巫女見習いの私、悪魔に溺愛されたら何故か聖女になってしまいました。


「あんたが何時もいきなり来るからでしょうが!! こっちは予定が詰まってるんだから、前もって言ってくれないと駄目に決まってるじゃない!!」


 私の言葉にテオはポカンとすると、おずおずと窺うように聞いてきた。


「……じゃあ、俺がちゃんと手順を踏んで誘ってたら乗ってくれたのか……?」


「用事がなければね。一回ぐらいなら話を聞いたよ」


「じゃ、じゃあ俺が交際を申し込んだら受けて「それは無理」──って、おい!」


 私とテオが言い合いをしていると、横から「クッ」と笑いを噛み殺したような声がしたので、テオと同時にそちらを見るとお頭が肩を震わせて笑っていた。

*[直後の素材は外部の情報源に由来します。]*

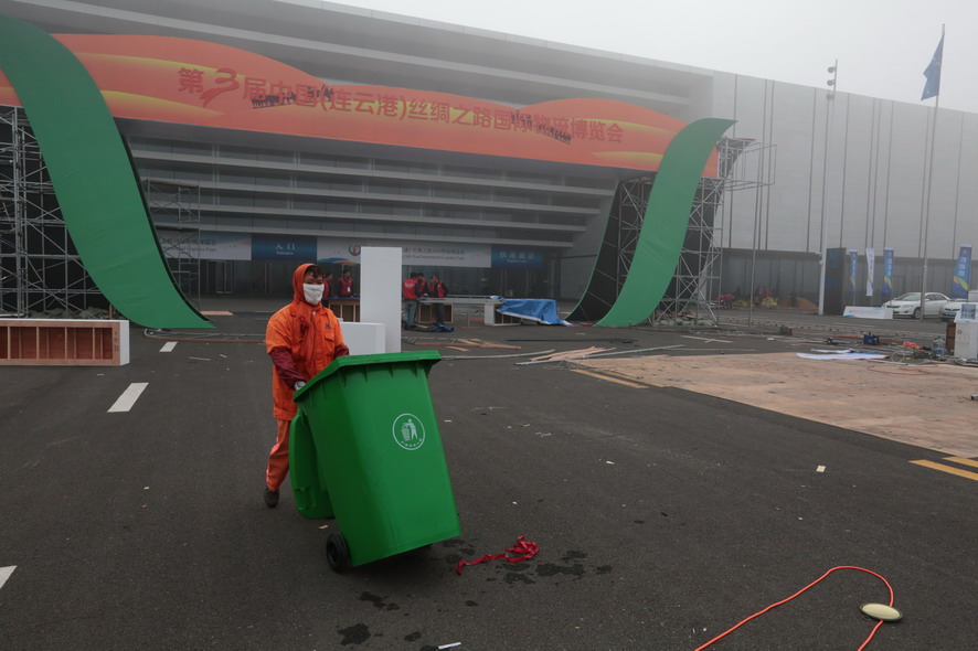 從10月29日以來,該公司啟動預案,統(tǒng)籌策劃,組織安排人員,調度機械設備,分解任務,明確責任時間節(jié)點,有效使用創(chuàng)衛(wèi)成果,轉投到“連博會”環(huán)境整治工作中來。300多名職工不顧連續(xù)5個多月創(chuàng)衛(wèi)奮戰(zhàn)的疲倦和勞累,以飽滿激情、高昂斗志,加班加點,奮戰(zhàn)在連博會環(huán)衛(wèi)整治工作“新戰(zhàn)場”。連日來,累計在展館周邊區(qū)域新植銀杏樹40余株、石楠樹30多株,更新草坪10000多平方米,美化環(huán)境,烘托氛圍。在展館廣場、附近干、支道路上,每天安排2臺大型洗掃車循環(huán)清掃沖洗和灑水降塵作業(yè),安排120多名環(huán)衛(wèi)人員撿拾動態(tài)垃圾、清理布展施工垃圾雜物,提升展館周邊區(qū)域的場地路面整潔衛(wèi)生養(yǎng)護等級。連云港火車東站廣場新增加30名環(huán)衛(wèi)人員,對廣場的路面、橋欄、果皮箱、花壇、座椅等進行多次清掃擦洗,撿拾清理清運垃圾,并將車站廣場環(huán)衛(wèi)保潔下班時間由晚8點延長到10點,通過細致優(yōu)質服務,強化窗口衛(wèi)生環(huán)境,愉悅參展商和來客的心情。
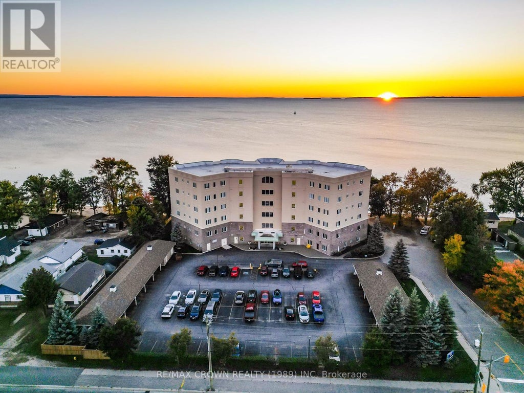 Experience luxury waterfront living at its finest in this stunning condo on the shores of Lake Nipissing. Featuring western exposure, this residence offers breathtaking, unobstructed views of the lake and spectacular sunsets from your private balcony , the perfect place to relax and take in the peaceful surroundings. Inside, large windows fill the space with natural light and frame the beautiful water views. The open-concept kitchen and living room create a bright, inviting space ideal for entertaining or unwinding at the end of the day. The layout includes a spacious primary bedroom overlooking the lake, a versatile den, a 4-piece bathroom, and an in-suite laundry/storage room. Enjoy the convenience of a dedicated parking space located close to the building, along with a private storage locker for your seasonal or recreational items. Built to modern standards, this newer construction ensures comfort and peace of mind. Step outside to a sandy beach just moments away and embrace the natural beauty of Lake Nipissing. Located close to shopping, dining, and entertainment, this is a rare opportunity to experience a luxurious waterfront lifestyle right here in North Bay. (id:6289)
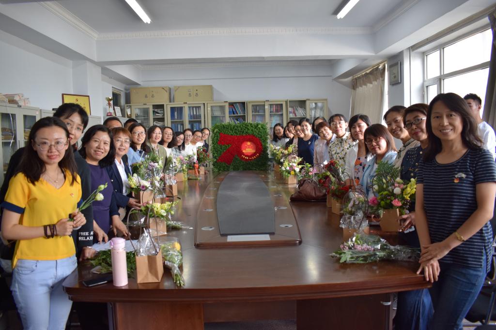 首先,教师党员代表陈亚杰教授带领全体师生面向国旗和校旗庄严宣誓,要忠诚于党的教育事业,教书育人,言传身教,努力做党和人民满意的好老师,为光辉的高等教育事业奉献全部智慧和力量。之后,师生同唱《我和我的祖国》,抒发心中炽热的爱国之情,为新中国成立70周年庆生。随后,各系部组织老师举行集体插花迎接国庆活动。
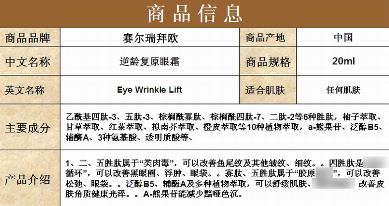 赛瑞 | 抗皱淡纹眼霜(原名逆龄复原眼霜) 20ml | 滋养眼周肌肤 改善松弛 缓解眼袋 提拉眼肌 抚平细纹
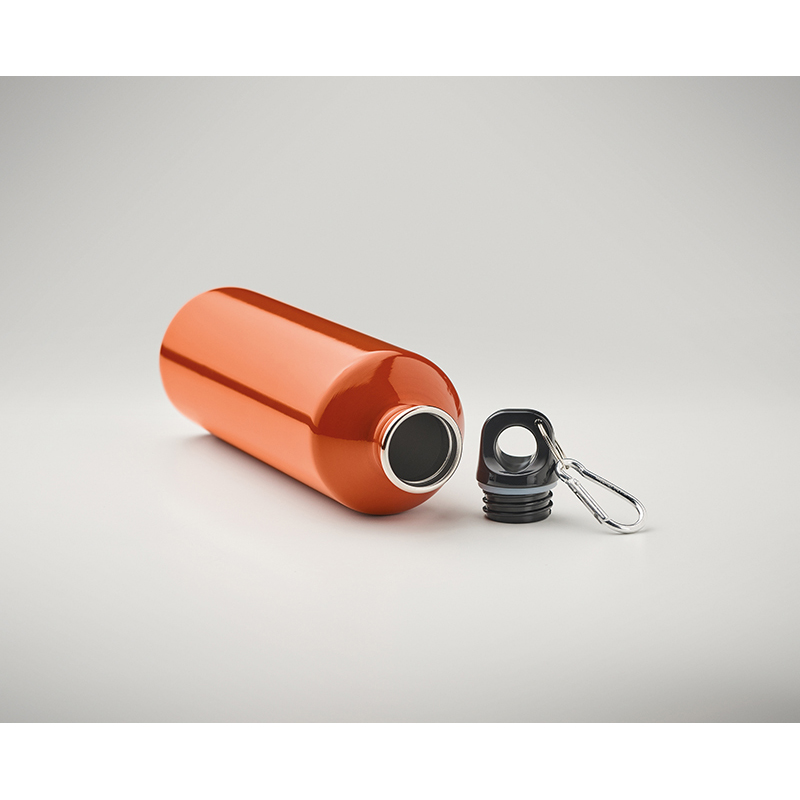 Single wall recycled stainless steel bottle (90% recycled stainless steel and 10% stainless steel) with carabineer. Capacity: 750 ml. The carabineer is not for climbing (non-professional use). Sublimation print available on white item only. Leak free.
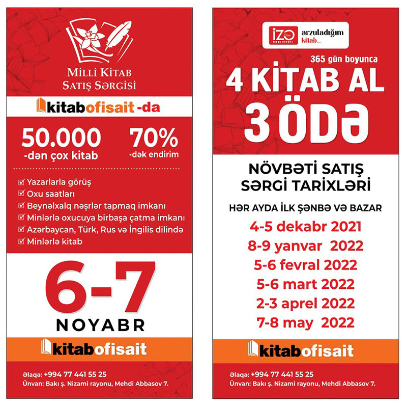 Qeyd edək ki, Milli Kitab Sərgisi davamlı olacaqdır. Belə ki, hər ayın ilk şənbə və bazar günləri "Kitab Ofisait” mağazasında Milli Kitab Sərgisi təşkil ediləcəkdir.
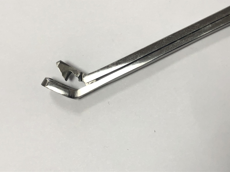 Конхотом с щелевидным отверстием №2 представляет собой щипцы пистолетного типа, при сжатии ручек которых происходит соединение рабочих частей инструмента. Рабочие части конхотома выполнены в виде ложек нижняя полая, а верхняя в форме ножа, которые захватывают и перекусывают необходимый участок тканей. Нижняя губка конхотома стабильна, верхняя подвижная и заострена.
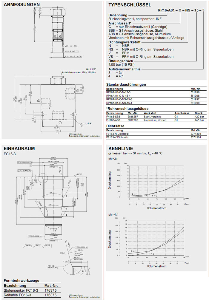 RP16A-01-C-N-15-3,RP16A-01-C-N-15-4,RP16A-01-C-NS-15-3,RP16A-01-C-NS-15-4,HYDAC止回閥
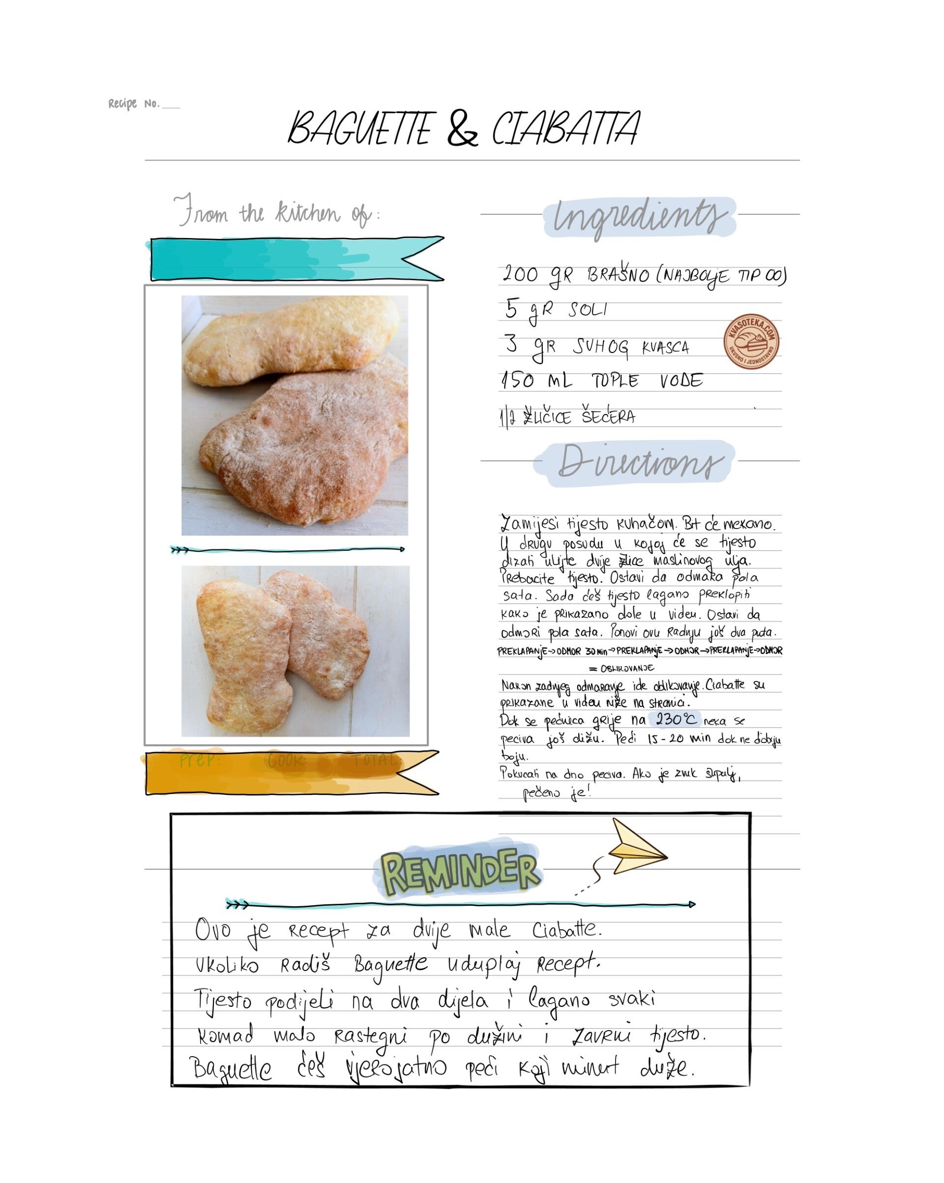 Ovo je recept za tijesto od kojeg možete napraviti Ciabatte i Baguette. A možete ga oblikovati i u normalnu štrucu kruha. Recept je za dva komada ciabatte, ukoliko radite baguette samo ćete tijesto oblikovati drukčije prije pečenja. I obavezno uduplati recept pa napraviti dvije štruce (svaka po 200 gr).
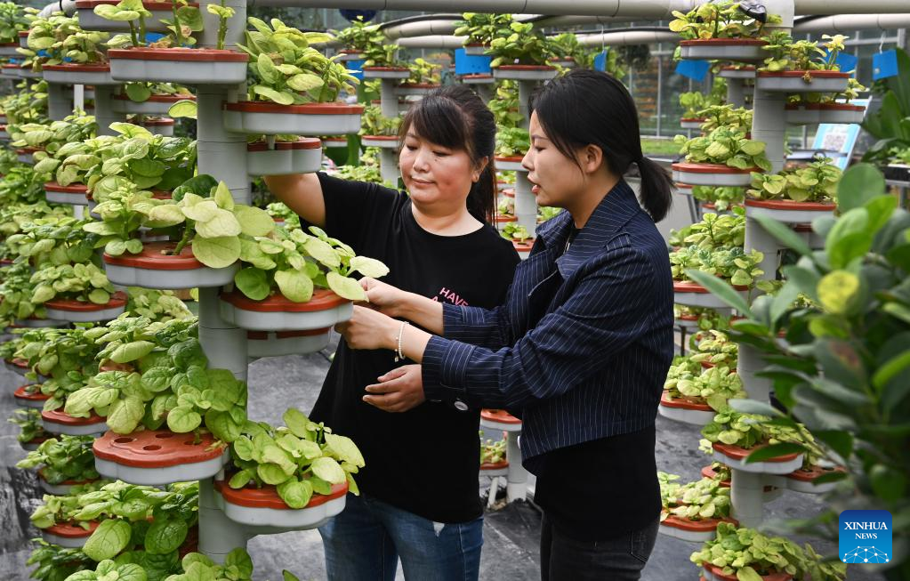 Staff members take care of soilless vegetables in Ningqiang County, northwest China's Shaanxi Province, Sept. 7, 2022. As the headwater region of the Hanjiang River, the largest tributary of the Yangtze River, Ningqiang County has closed ten mines and promoted a series of ecological protection projects for environmental protection in recent years. The county has also promoted the production of agricultural products including tea, fruits, vegetables, etc., managing and transforming ecological resources to green economy. (Xinhua/Tao Ming)
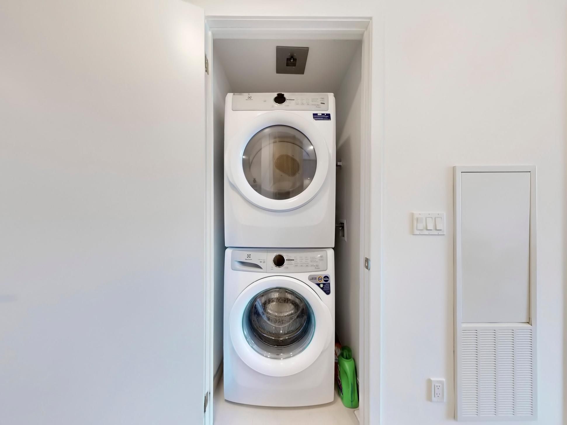 • Convenient in-suite laundry, owned parking space, and additional storage locker.
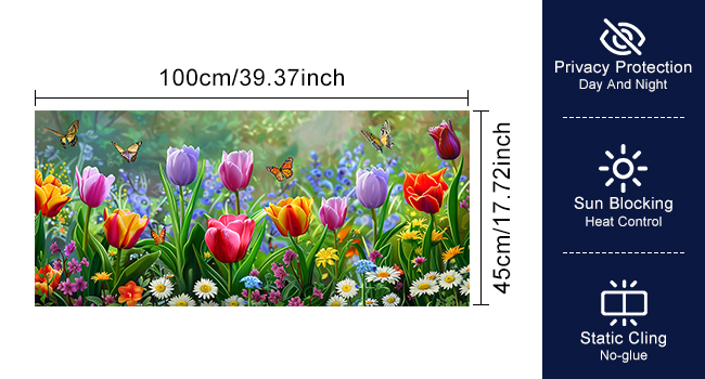 • 【تصميم حديقة الربيع】 يتميز بأزهار التيوليب والفراشات النابضة بالحياة، يجلب غشاء النافذة هذا ذو الطابع الربيعي البهجة الموسمية وسحر الأزهار إلى حمامك أو مطبخك أو لوحات الدخول الزجاجية.
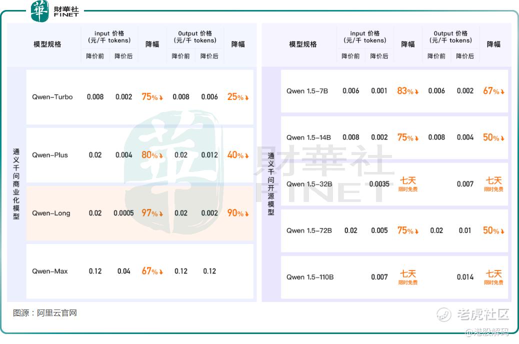 随即,在5月21日,阿里云宣布通义千问大模型降价,其中GPT-4级主力模型Qwen-Long降价幅度达到97%,API输入价格从0.02元/千tokens降至0.5厘/千tokens。这意味着用户以1元钱可以买200万tokens,相当于5本《新华字典》的文字量。
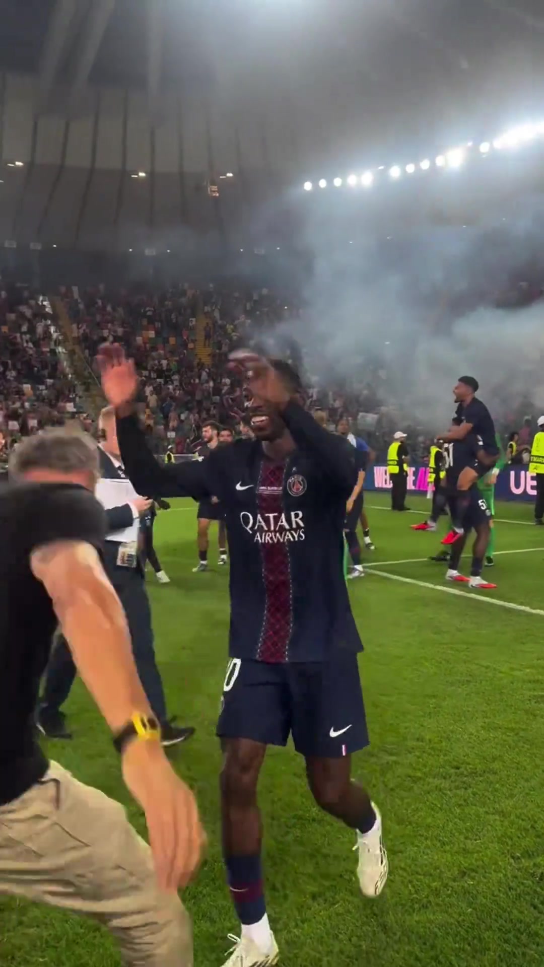 登贝莱当选欧超杯全场最佳球员赛后恩里克将他抱起庆祝
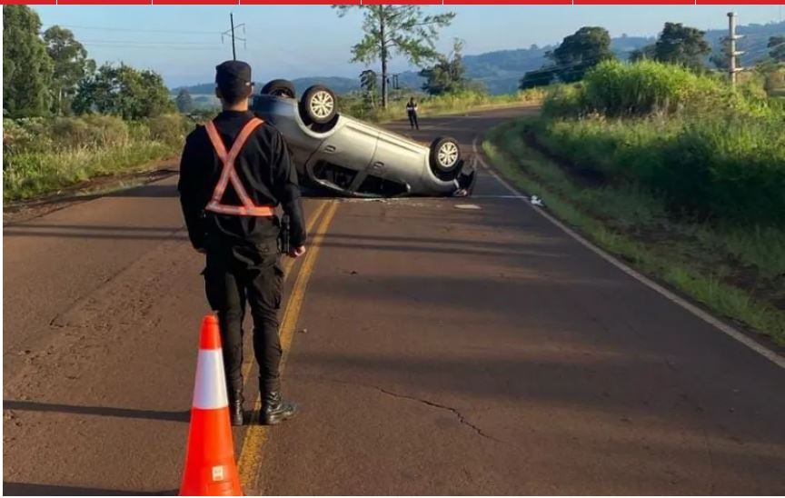 El Soberbio: conductor alcoholizado volcó y dejó su vehículo invertido en la ruta

 そんなお頭の様子が珍しかったのか、子分達はポカーンと口を開けて驚いている。


「テオバルト様の負けですよ。俺は彼女の言い分の方が正しいと思いますがね。……しかし、こんな状況なのに泣きもせず怒鳴り散らすとは……。可憐な見た目とは違い随分肝が座っている。契約が無ければ自分のモノにしたのに……残念です」


 お頭の言葉に、子分達がザワザワと騒ぎ出す。さっきからやたらと驚いているけれど、お頭の反応が珍しいのかもしれない。